I intended for this granola to be low-sugar. If you wish for it to be sweeter, go ahead and add more maple syrup, but be sure to give the batter a taste test before doing so. If you’re not opposed to using stevia and you want this granola to be a bit sweeter, I would recommend using the same about of maple syrup but add liquid NuNaturals stevia until it reaches the level of sweetness. This way, you get that sugary hit without it affecting your insulin levels too much.

Do I HAVE to Soak the Nuts & Seeds?

Excellent question, my friend. First off, did you know that all nuts and seeds contain phytic acid and enzyme inhibitors? For those of you who have been around for a while, this is old news, BUT I can’t skip this teaching opportunity for those of you who are new to this way of eating. Phytic acid interferes with the body’s ability to absorb nutrients.

While many traditional cultures naturally soaked or sprouted nuts/seeds, this practice is no longer common, mainly because it’s time-consuming. For me, it is a regular practice.  It’s simple, inexpensive, and can significantly increase the nutrient content of the nuts/seeds you consume, therefore, it’s a no-brainer to me. Frankly, it’s your call whether you skip this process or not. If you are on the fence about this process, do a test. Eat some nuts raw, unsoaked, and dried. Then try some that have been soaked and dried.

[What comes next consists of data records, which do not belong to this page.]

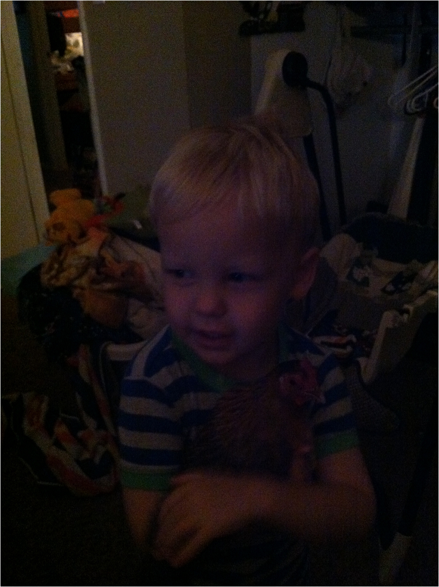 So, Luke still has this great love for his chickens.  Especially his pair of bantams.  The other morning Brian got up for work early to go out back to fix a sprinkler, and forgot to dead bolt the back door when he left.  All were sleeping (or so I thought).  I was in bed reading my Bible.  I thought I heard the back door open/close.  Next thing I know, Luke is standing by my bedside with his little hen (see dark picture).  He said “girl one has poop on her, help me keen if offff, peease”.  I had to get a wipe and help him get the poop off her little foot.  This is all at 6:30 in the morning!!!! He also told me she needed a “cuddle” from him.
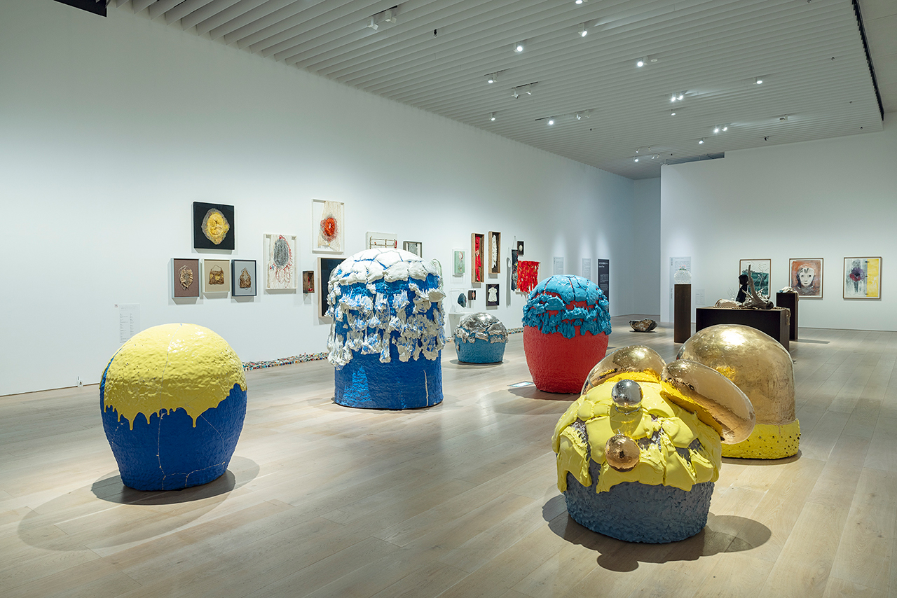 森美術館で展示中の作品《無題》(2021)※手前。黄色い部分に、本来は偶然に起こる「石はぜ」をコントロールして出している。
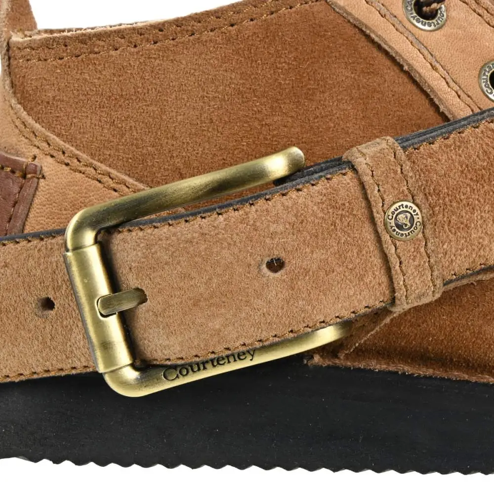 Solid brass buckle and rivets provide secure fastening, while all-round lockstitching enhances durability. This versatile light brown shade pairs seamlessly with Courteney suede veldtschoens, making it the ideal finishing touch to a coordinated outfit.
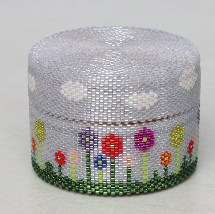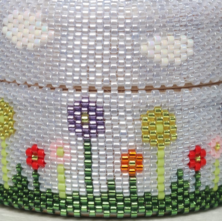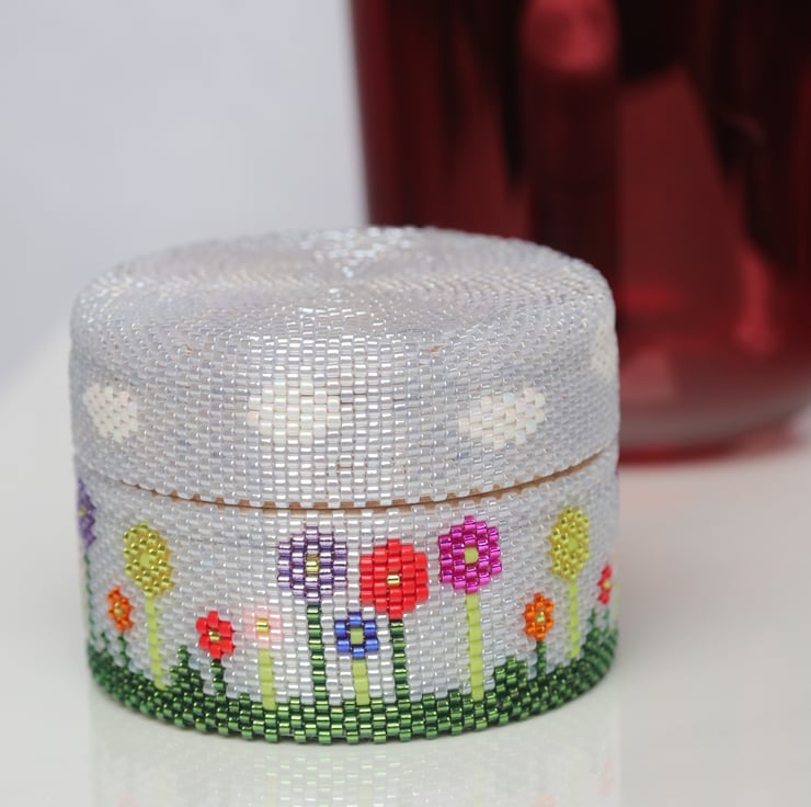The beaded design is my own, stitching together tiny glass beads in a process called beadweaving. I have used a background of very pale blue delica seed beads against which I have incorporated a bright flower design and little white clouds.
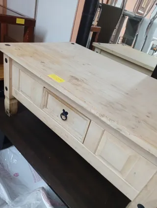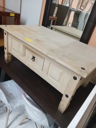 Mesa de centro con un diseño rústico y elegante. - Acabado en madera clara. - Cajón frontal con tirador. - Patas robustas con detalles metálicos. Contacto: Llamar tel o contactar WhatsApp : 645 362 526
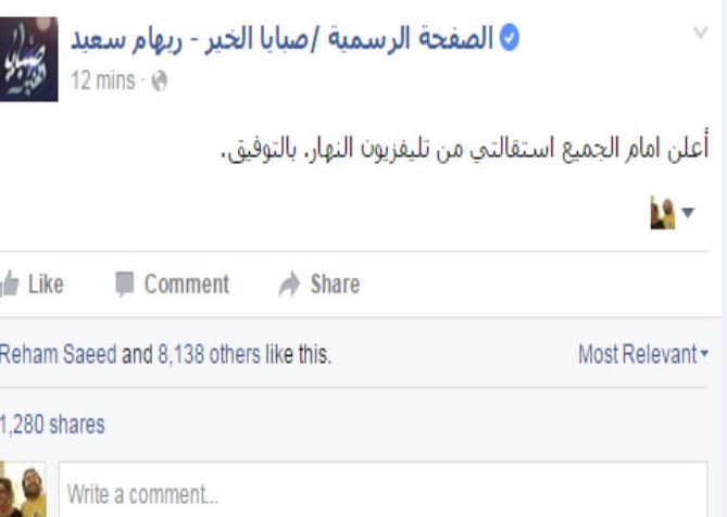 ولم يكن ذلك المنشور الوحيد الذي تتراجع فيه ريهام وتحذفه، إذ قامت بنشر ما يفيد باستقالتها من قناة النهار، إلا نه تم حذفه مرة أخرى.
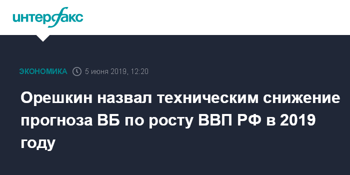 Москва. 5 июня. INTERFAX.RU - Понижение Всемирным банком прогноза по росту ВВП РФ в 2019 году с 1,5% до 1,2% носит технический характер и во многом связано со снижением ожиданий роста мировой экономики до 2,6% с 2,9%, сказал журналистам глава Минэкономразвития РФ Максим Орешкин.
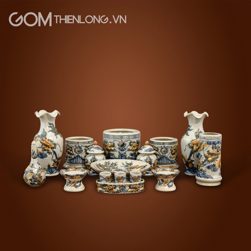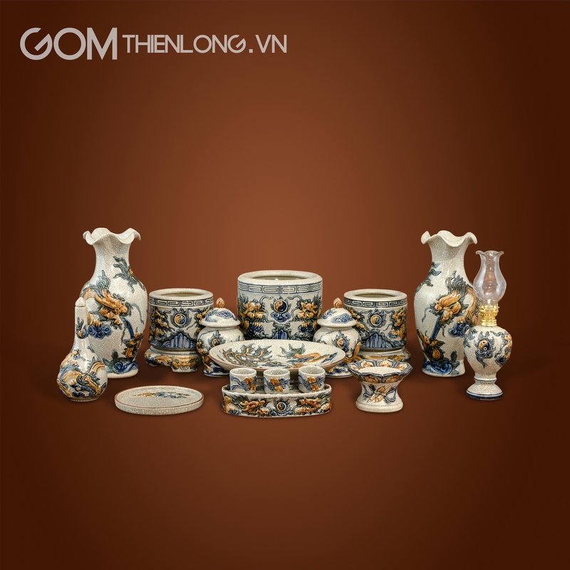 Bộ đồ thờ gia tiên men rạn đắp nổi gốm Bát Tràng giúp kết nối quá khứ và hiện tại, giá tốt, bảo hành 05 năm hiện có trên gian hàng shopee và website của gốm Thiên Long. Bộ đồ thờ men rạn đắp nổi không những giúp không gian bàn thờ thêm trang trọng, tôn kính, gọn gàng mà còn là sản phẩm giúp con cháu thể hiện tấm lòng thành kính với tổ tiên.
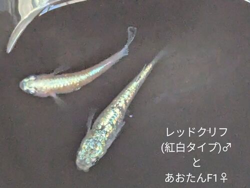 令和7年1月からこんな組み合わせで掛け合わせを開始。 レッドクリフ紅白タイプの♂ あおたんF1の♀ どちらも選外で、通常なら外のミックス容器行き。 とは言えここまで加温して育てたのに、1月でまだ寒い時期にいきなり外に放り出すことも出来ない 余った加温…

Throughout the taste testing trials, I found that once the granola had sat in milk (enjoyed it as a cereal), the vanilla flavor really popped. The milk also helps activate the chia seeds and flax, giving it a more porridge-like texture. It’s a great snack as well, but my favorite way of eating it is with macadamia milk. Umm mmm. blessings, amie sue

Ingredients

Preparation

  1. In a food processor, fitted with the “S” blade, combine the almonds, walnuts, pumpkin seeds, chia seeds, almond meal, cinnamon, and salt. Pulse everything together to just enough to mix it and to break down the larger nuts.  Pour into a large bowl.
    • BUT… you can skip the food processor part if you want real chunky granola, and on the other hand, you can process the nuts and seeds to a small crumble. Customize it to your liking.
  2. To the bowl, now add in the dried coconut, maple syrup, and vanilla extract. With your hands, dive in and mix everything really well (making sure to coat the dry ingredients with the wet.
  3. Spread the batter onto a non-stick dehydrator sheet. You can either drop it on the sheet in clusters or spread it as a whole sheet to break into brittle-sized pieces when done drying.
    • I used 3 dehydrator trays with roughly 2 cups of batter per tray.
  4. Dehydrate at 145 degrees (F) for 1 hour, then reduce to 115 degrees (F) and continue to dry to 10+ hours (or until completely dry).
    • I ended up breaking up the granola sheets and processing them in the food processor to create more a small crumble to enjoy as a cereal.
  5. Store in an airtight container on the counter for several weeks or in the freezer for several months.